We can now enrich the definition of the calls by putting the expected structure in the payloads and data examples for the call. To do this, let's overlay the information in paths for "/client":

ClassMethod OpenAPI() As %Status
{
    Do ##class(%REST.Impl).%SetContentType("application/json")
    
    Set sc = ##class(%REST.API).GetWebRESTApplication("", "/rest/servico", .swagger)
    
    If $$$ISERR(sc) {
        Quit sc  // If an error occurred, exit the method
    }
    
    Set info = {
        "title": "Cliente",
        "description": "API de Manipulação de Cliente",
        "version": "1.00"
    }
    Do swagger.%Set("info", info)
    
    Do swagger.%Set("host", "127.0.0.1")
    Do swagger.%Set("basePath", "/iris_iss/rest/servico")

    Set schemes = []
    Do schemes.%Push("http")
    Do swagger.%Set("schemes", schemes)
             
    Set security = [{"basicAuth":[]}]
    Do swagger.%Set("security", security)

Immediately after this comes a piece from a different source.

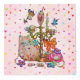 All cute pastel coquette with a tea party setting, tea cups, pastries, candle drum, bird, cat, butterfly, bee, dragonfly, cute things and etc

    Set securityDefinitions = {}
    Do securityDefinitions.%Set("basicAuth", {})
    Do securityDefinitions.basicAuth.%Set("type", "basic")
    Do swagger.%Set("securityDefinitions", securityDefinitions)
   
    Set incluirPesquisar = {
        "post": {
            "summary": "Criar um novo cliente",
            "description": "Recebe os dados de um cliente e cadastra no sistema.",
            "parameters": [
                {
                    "name": "body",
                    "in": "body",
                    "required": true,
                    "schema": {
                        "type": "object",
                        "properties": {
                            "nome": {
                                "type": "string",
                                "description": "Nome do cliente"
                            },
                            "idade": {
                                "type": "integer",
                                "description": "Idade do cliente"
                            }
                        },                              
                        "required": ["nome", "idade"],
                                           "example": {
                                                          "nome": "João Silva",
                                                          "idade": 30
                                           }
                    }
                }
            ],
            "responses": {
                          "default": {
                    "description": "Falha na chamada da API"
                },
                "200": {
                    "description": "Cliente criado com sucesso"
                },
                "406": {
                    "description": "Falha na inclusão do cliente"
                }                
            }
                            },
              "get": {
                    "summary": "Recupera todos os clientes",
                    "description": "Retorna a lista de clientes com suas informações.",
                    "responses": {
                                  "default": {
                    "description": "Falha na chamada da API"
                },
                      "200": {
                        "description": "Lista de clientes",
                        "schema": {
                          "type": "object",
                          "properties": {
                            "clientes": {
                              "type": "array",
                              "items": {
                                "type": "object",
                                "properties": {
                                  "chave": {
                                    "type": "string",
                                    "description": "Chave única do cliente"
                                  },
                                  "nome": {
                                    "type": "string",
                                    "description": "Nome do cliente"
                                  },
                                  "idade": {
                                    "type": "integer",
                                    "description": "Idade do cliente"
                                  }
                                },
                                "required": ["chave", "nome", "idade"]
                              }
                            }
                          },
                          "example": {
                            "clientes": [
                              {
                                "chave": "1",
                                "nome": "Maria",
                                "idade": 35
                              },
                              {
                                "chave": "2",
                                "nome": "Julio",
                                "idade": 57
                              },
                              {
                                "chave": "4",
                                "nome": "Julia",
                                "idade": 25
                              },
                              {
                                "chave": "5",
                                "nome": "Julia",
                                "idade": 22
                              }
                            ]
                          }
                        }
                      }
                    }      
              }            
      }
    Do swagger.paths.%Set("/cliente", incluirPesquisar)
   
    Write swagger.%ToJSON()

    Quit $$$OK
}

Calling the documentation page again we can now see the POST methods  to include a client and GET to retrieve a list:

See that we already have an explanation of what is each of the methods available for POST and GET that we have overwritten.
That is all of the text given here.